Engineering nanoceria-based multifunctional coatings for advanced surface protection

By being constantly exposed to outdoor conditions, painted infrastructures undergo complex degradation phenomena (e.g., color fading and biodeterioration) that irreversibly alter their surfaces and compromise their structural integrity. These issues also affect assets of historic relevance such as ancient frescoes, making it imperative to seek protective solutions to tackle diverse degradation mechanisms. While the catalytic properties of cerium oxide nanoparticles (CeO2 NPs) have been extensively exploited for different applications both in the biomedical and in the industrial fields, their potential for this specific purpose is yet to be explored. Indeed, the catalytic behavior of these NPs provides a starting point to formulate long-lasting solutions, thanks to the regeneration of the Ce(III)/Ce(IV) ratio made possible through the interaction of the NPs with different environmental factors. Nevertheless, since their activity is strongly linked to the number of active sites on the surface, it is pivotal to maximize the surface-to-volume ratio by fine-tuning the size and morphology of the NPs. We especially designed a straightforward, reproducible and scalable process to synthesize ultra-small crystalline CeO2 NPS with diameters of 1.8 nm, the smallest reported in the literature to the best of our knowledge. Exceptional stability in the dispersion and in polymeric coatings were observed, showing promising opportunities for their potential use in commercial formulations. Through advanced physico-chemical characterization, we also investigated their main features and we used Environmental XPS to monitor the regeneration potential of the catalyst.
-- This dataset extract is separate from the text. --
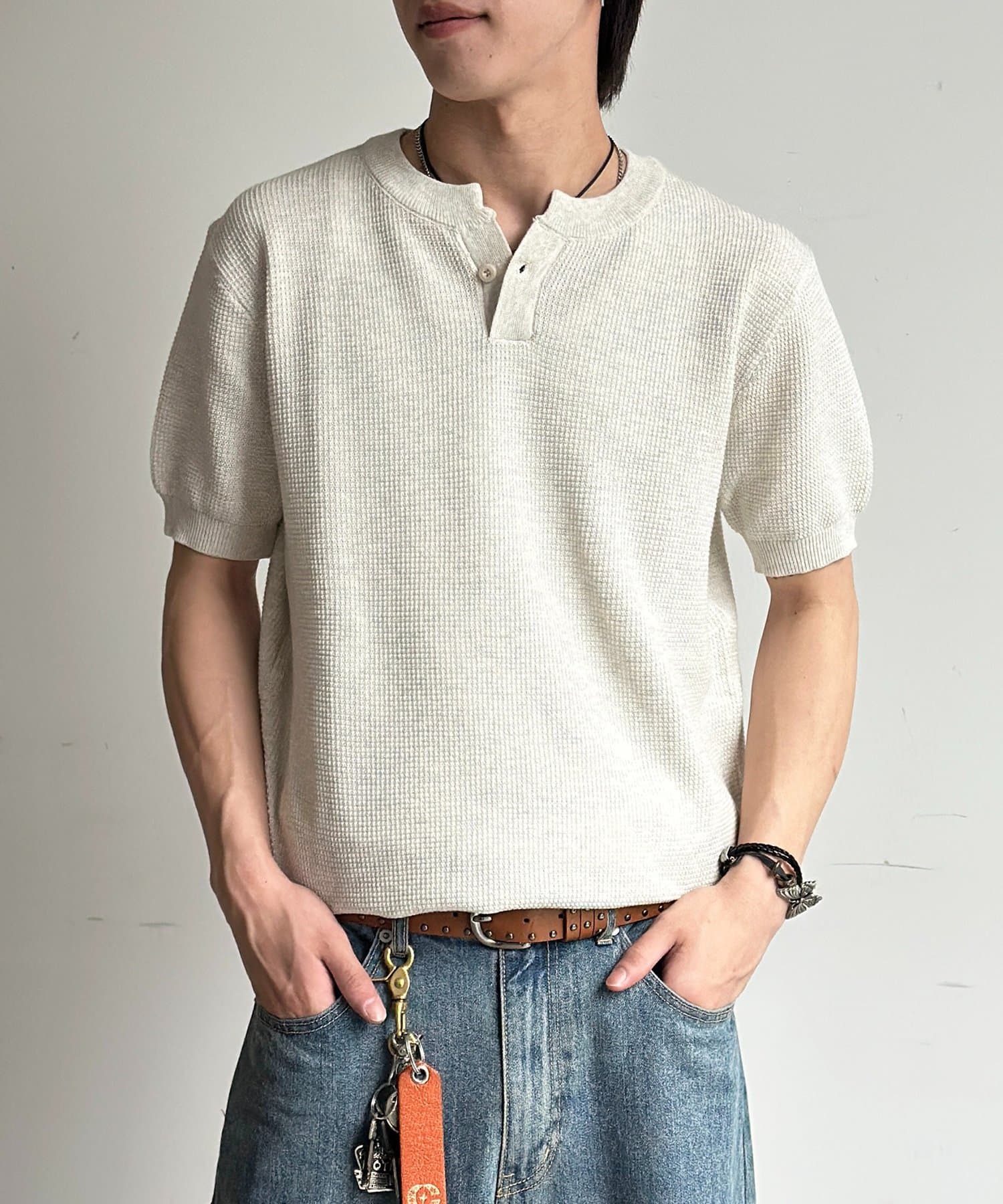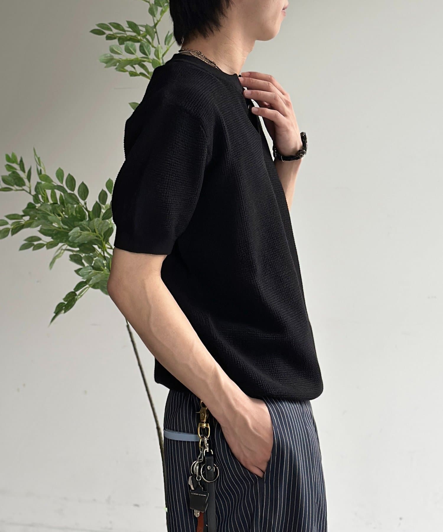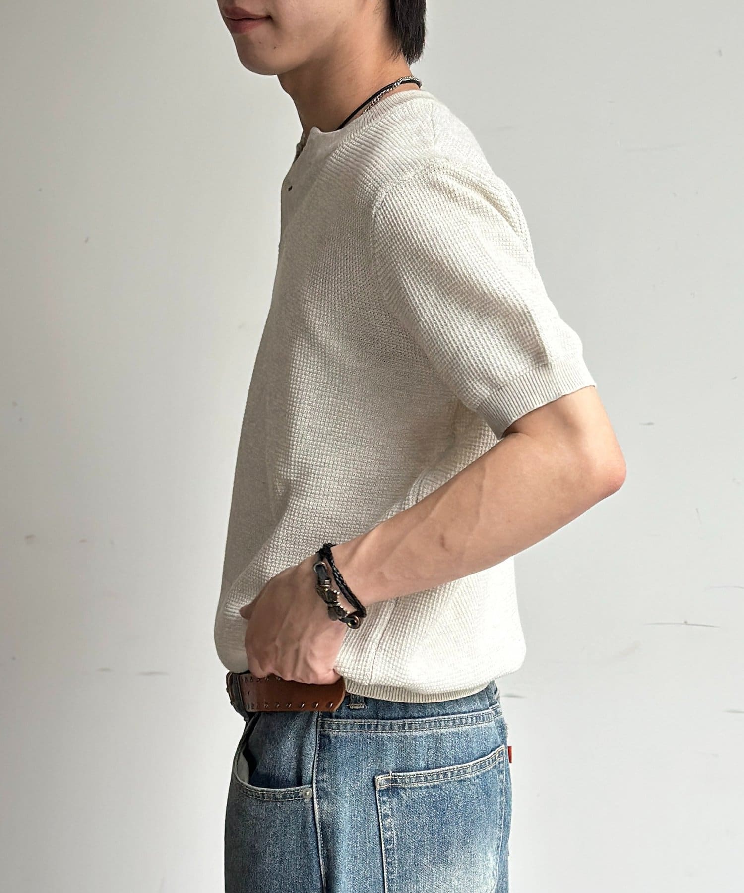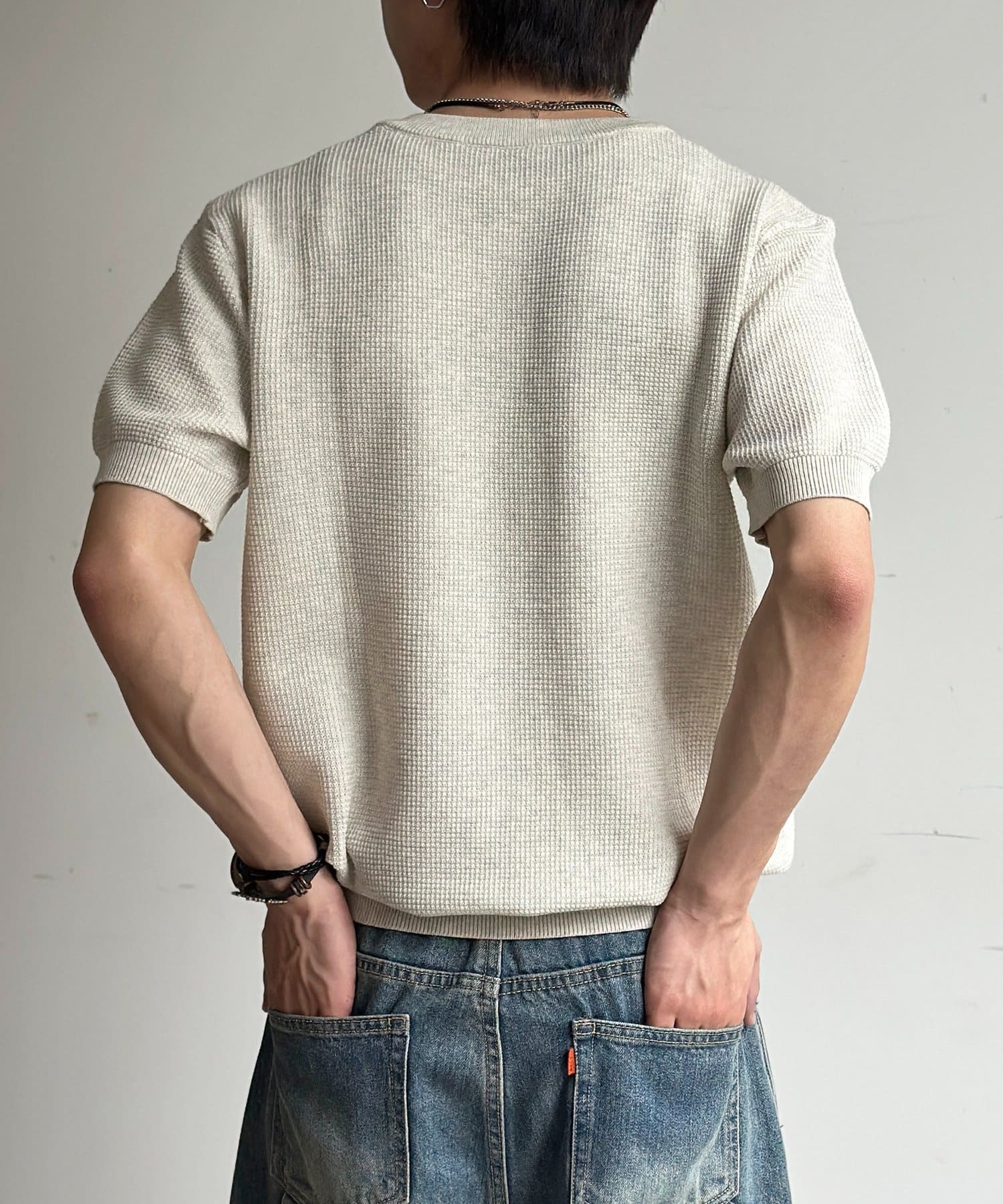 豊かな表情を見せるワッフル調の編地が、シンプルな着こなしに奥行きをプラスします。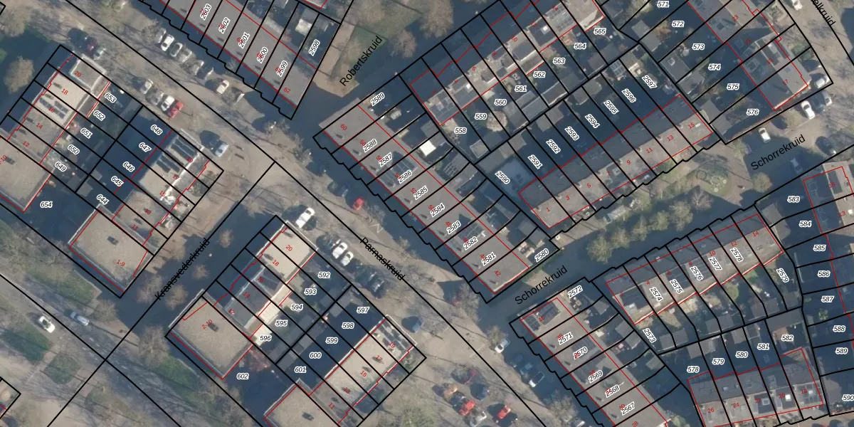 Parnaskruid 50 is gelegen op kadastraal perceel AMF00P2584. Deze kadastrale aanduiding is uniek en wordt gebruikt door het Kadaster om eigendomsrechten en andere zakelijke rechten vast te leggen. Het perceel maakt onderdeel uit van de kadastrale gemeente Amersfoort.

In the prospect of a future application for the conservation of outdoor assets, cytotoxicity was evaluated, determining no negative response in cellular interaction. Lastly, we obtained encouraging results after assessing the inclusion of the NPs in a biopolymer-based matrix; in particular, we preliminarily tested the protecting ability, the redox activity and the macroscopic characteristics of the applied coating.